At the turn of the last decade, I had thrown myself months of birthday parties celebrating my 30th. I was pregnant with two girl babies and I knew all the seeds that had been planted in my 20s were going to bear fruit in the coming years. It would be a decade of harvest.

My harvest looked like:

Double portions of blessing- like twin girls being born healthy, Marwa and Jessica then later Tamar supporting our family as beloved ‘sister wives’ (though not sharing a husband), beautiful beach travel, Barcelona without kids, significant career & financial success for my husband in his corporate career, radical generosity that catapulted relationship and faith maturity, and so many roommates through our 100 year old craftsman bungalow.

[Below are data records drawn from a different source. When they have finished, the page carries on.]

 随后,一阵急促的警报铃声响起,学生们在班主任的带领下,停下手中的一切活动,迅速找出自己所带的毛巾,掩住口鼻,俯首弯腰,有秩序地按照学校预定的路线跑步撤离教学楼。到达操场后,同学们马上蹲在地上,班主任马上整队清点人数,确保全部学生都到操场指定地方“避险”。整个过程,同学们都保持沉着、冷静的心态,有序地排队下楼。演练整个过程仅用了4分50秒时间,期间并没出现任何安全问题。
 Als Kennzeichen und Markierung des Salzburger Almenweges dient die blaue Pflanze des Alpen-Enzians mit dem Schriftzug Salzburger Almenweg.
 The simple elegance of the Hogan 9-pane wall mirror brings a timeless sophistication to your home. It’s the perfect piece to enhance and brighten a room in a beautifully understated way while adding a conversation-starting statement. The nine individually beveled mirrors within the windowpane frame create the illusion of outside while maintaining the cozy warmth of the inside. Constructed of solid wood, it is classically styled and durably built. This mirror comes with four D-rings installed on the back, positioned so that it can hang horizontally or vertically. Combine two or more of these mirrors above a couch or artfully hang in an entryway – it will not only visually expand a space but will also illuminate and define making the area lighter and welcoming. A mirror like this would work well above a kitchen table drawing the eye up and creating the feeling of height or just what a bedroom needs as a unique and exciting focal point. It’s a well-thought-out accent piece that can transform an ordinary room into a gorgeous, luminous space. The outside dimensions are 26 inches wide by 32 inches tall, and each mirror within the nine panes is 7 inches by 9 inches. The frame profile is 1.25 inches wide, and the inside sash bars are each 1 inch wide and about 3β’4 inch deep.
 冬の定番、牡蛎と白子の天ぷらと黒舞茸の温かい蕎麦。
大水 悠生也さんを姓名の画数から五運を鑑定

But there was also struggle. I experienced a persistent depression rooted in old wounds and childhood pain- it was the Lord inviting to experience healing there. My marriage was gutted and passing exit 2 on I-71 south on a cold day, I foresaw my divorce in a lawyer’s conference room five year in the future, passing signature papers over a mahogany table, which prompted a change in our marriage, and a repentant apology from me that night. It was that year my marriage really began. I’m thankful for the happy hormone fueled beginning years of our life together. I still revisit the memories we made like a mothers of a smelly disrespectful teenagers would return to the heart filling remembrance of a powder scented sleeping infant on their chest. It elicits an dopamine buzz and if I dwell there long enough I can generate the emotional euphoria of that naive love. But once the emotions were supplanted by midnight feedings and roof leaks, we saw each other as we were, not as we hoped to be on our best of days some time in the future when we were more evolved. We were broken. Our relationship was bankrupt. There were no reserves to draw from.

We saw our marriage restored and a new vision of our life and family birthed.

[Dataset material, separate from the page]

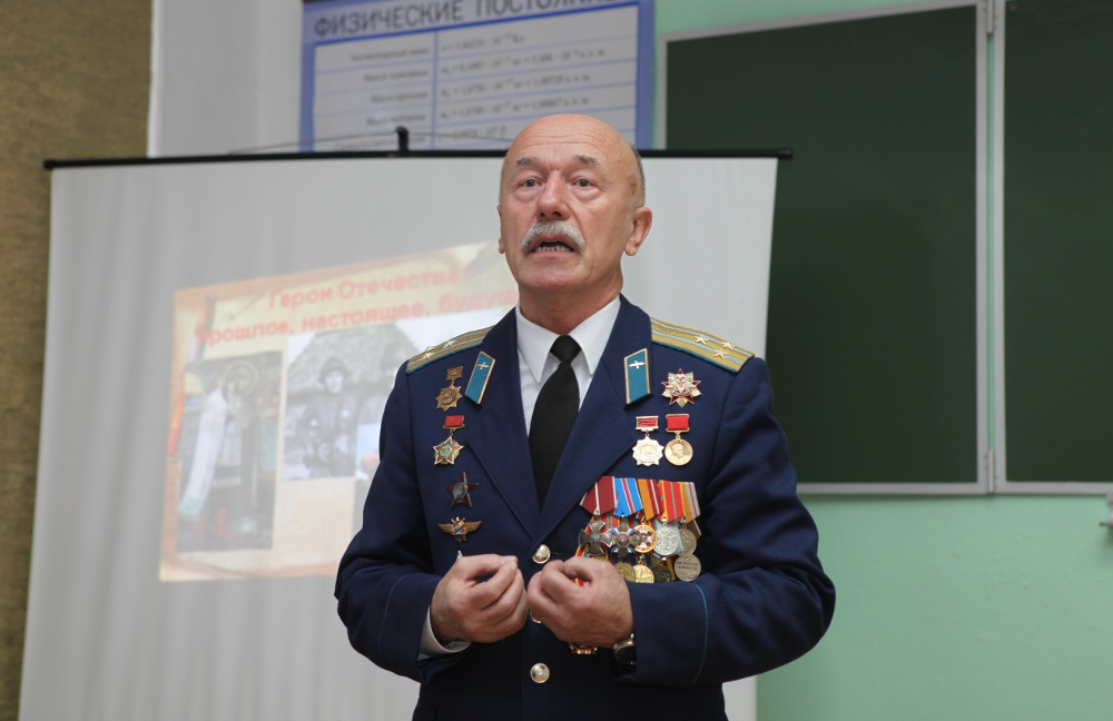 В канун Дня Героев Отечества в родной школе №4 побывал ее выпускник 1974 года, летчик, боевой командир, кавалер Ордена Красной Звезды и Ордена Мужества полковник в отставке Виктор Леонидович Веселков.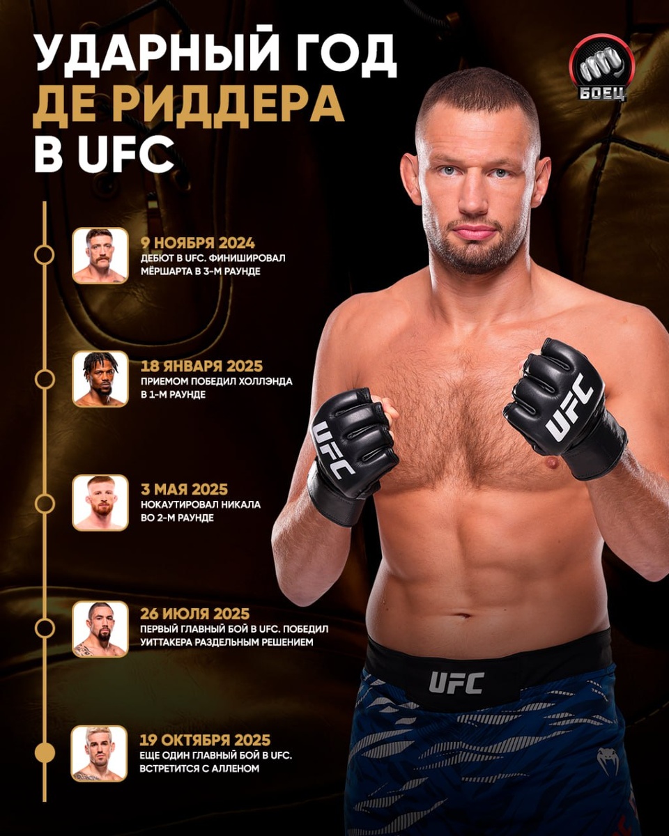 Де Риддер в UFC меньше года, но добился он уже многого 👀

Darrin started a new business. It failed.

I sold my business. I thought it was my life’s work. I promptly entered into a career crisis. Isn’t that what you do when you thought you had achieved your life’s work and hand it off to be someone else’s life’s work?

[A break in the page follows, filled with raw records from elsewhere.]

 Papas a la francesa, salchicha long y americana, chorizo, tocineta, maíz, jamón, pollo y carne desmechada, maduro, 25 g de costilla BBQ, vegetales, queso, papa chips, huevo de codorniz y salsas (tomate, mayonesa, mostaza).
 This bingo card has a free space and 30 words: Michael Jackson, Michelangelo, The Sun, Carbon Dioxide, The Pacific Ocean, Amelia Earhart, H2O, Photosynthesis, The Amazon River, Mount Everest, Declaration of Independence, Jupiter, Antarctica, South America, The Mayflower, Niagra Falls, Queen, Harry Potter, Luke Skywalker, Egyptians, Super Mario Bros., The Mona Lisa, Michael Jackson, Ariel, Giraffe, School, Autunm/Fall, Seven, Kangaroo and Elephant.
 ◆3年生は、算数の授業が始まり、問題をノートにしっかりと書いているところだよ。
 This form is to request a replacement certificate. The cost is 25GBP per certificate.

We began foster parenting. Our first little guy is now adopted and thriving. He said he made Santa’s Nice List this year. We took in a teenager, growing our family to 5 kids for a year. She is safe and happily living independently where no one tells her what to do. I am coming into a new normal where I release what I think is best for her so that I can love her freely. I am still learning. It still hurts.

Darrin started a new business. He raised millions of dollars in venture capital. It’s been the leanest financial years of our family.

I ponder what the coming decade may hold with such optimism. I grind my teeth over what the coming year has. I am still turning over the ideas in my mind and pushing them onto an altar in surrender to a plan that’s greater than mine.

As I anxiously await to to plan for and what to ask of the Father for what’s ahead, I am dwelling in the Truth that it’s something worthy of my hope. It’s fruitful. And as I seek Him, I’ll discover Him. Maybe I’ll even stop grinding my teeth.

For I know the plans I have for you,” declares the Lord, “plans to prosper you and not to harm you, plans to give you hope and a future.  Then you will call on me and come and pray to me, and I will listen to you.   You will seek me and find me when you seek me with all your heart.